There are three main changes according to the new format: The “Relative Contraindications” and “Careful Administration” sections have been deleted and a new section, “Precautions for Specific Populations” (such as elderly, pediatric, and renal-impaired patients), has been established. In addition, redundant content should be eliminated, and section numbering has been introduced.

Approved labels are published on PMDA’s website in Japan, which are available in SGML, HTML, and PDF format. These labels are searchable across products. Converting SGML to XML format began in April 2019. Furthermore, in November 2019, the Japanese government decided in principle that labeling information should be provided electronically. Instead of attaching paper labeling to products, paper labeling should be provided to pharmacies and hospitals when needed.
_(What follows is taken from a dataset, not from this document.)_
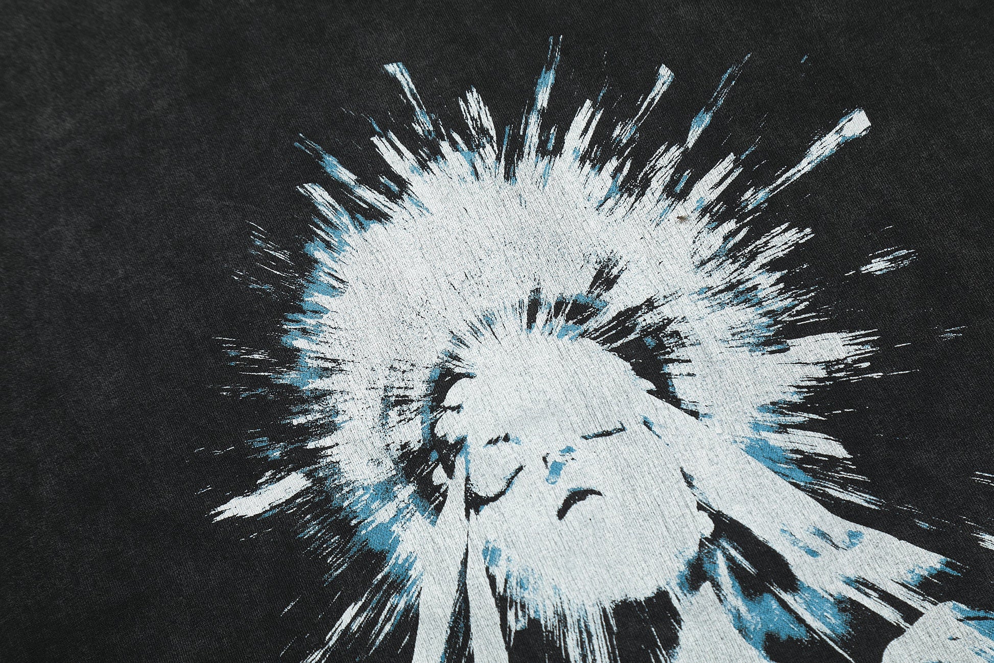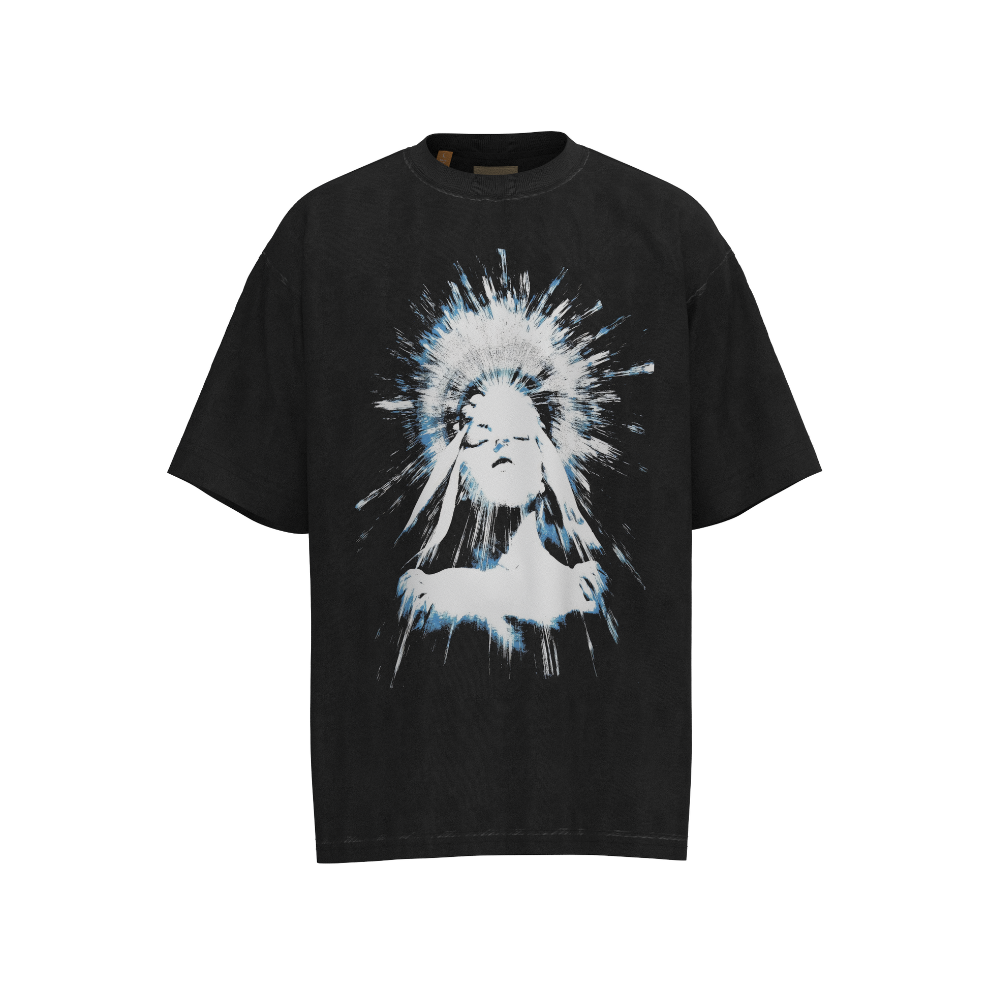 The Gallery Dept. "Enlightened" Tee is a unique and bold addition to your wardrobe. Crafted from high-quality cotton, this black t-shirt offers both comfort and durability, making it perfect for everyday wear. The front of the shirt features a striking graphic of an enlightened figure, rendered in a captivating blue and white design that stands out against the dark background. This artistic representation exudes a sense of mystique and sophistication.

Implementing E2B (R3) for Pharmacovigilance Reporting in China

With China joining ICH as its eighth regulatory member in June 2017, the National Medicinal Product Administration (NMPA) has accelerated the pace of regulatory reform by implementing ICH guidelines, including ICH M4, E2A, E2B (R3), M1 and E2D, and several tier 3 guidelines. This is a major step for the China Health Authority to be more harmonized with international standards.

NMPA has set aggressive timelines for ICH E2B R3 safety reporting compliance. The Center for Drug Evaluation (CDE), affiliated to the NMPA, is responsible for technical review of drug registration applications and the Center for Drug Re-evaluation (CDR) is responsible for drug adverse reaction and medical device adverse event monitoring.

For IND safety reporting, it has been mandatory to submit domestic and foreign SUSARs in ICH E2B R3 format to CDE since May 2019. During the transition period (May 2018 through the end of April 2019), the clinical trial sponsor could submit SUSARs in the ICH E2B R2 format. To fulfill the ICH E2A expedited reporting requirement, the English version may be submitted within seven to fifteen days, and the Chinese version should be submitted in an additional 15 days.

For ADRs of marketed products, CDR has started to accept cases in E2B R3 format since the beginning of January 2020. It will be mandatory for all MAHs to submit all post-marketing ADRs in E2B R3 format at the beginning of July 2022.

The E2B (R3) China specification was finalized and published in November 2019 and is applicable for both IND safety reports and post-marketing safety reports. China health authorities held several rounds of industry feedback meetings to review the detailed data field requirements and incorporated 19 new elements required by regional requirements in the final specification.

E2B (R3) implementation brings challenges as well as opportunities to the whole industry. To stay compliant with the regulatory requirements, all sponsors and MAHs must start to establish or upgrade safety databases capable of generating safety reports per NMPA requirements. We have also seen many local CROs and system solution companies developing rapidly to establish a pharmacovigilance system with traceability and signal detection features compliant with ICH E2B guidelines.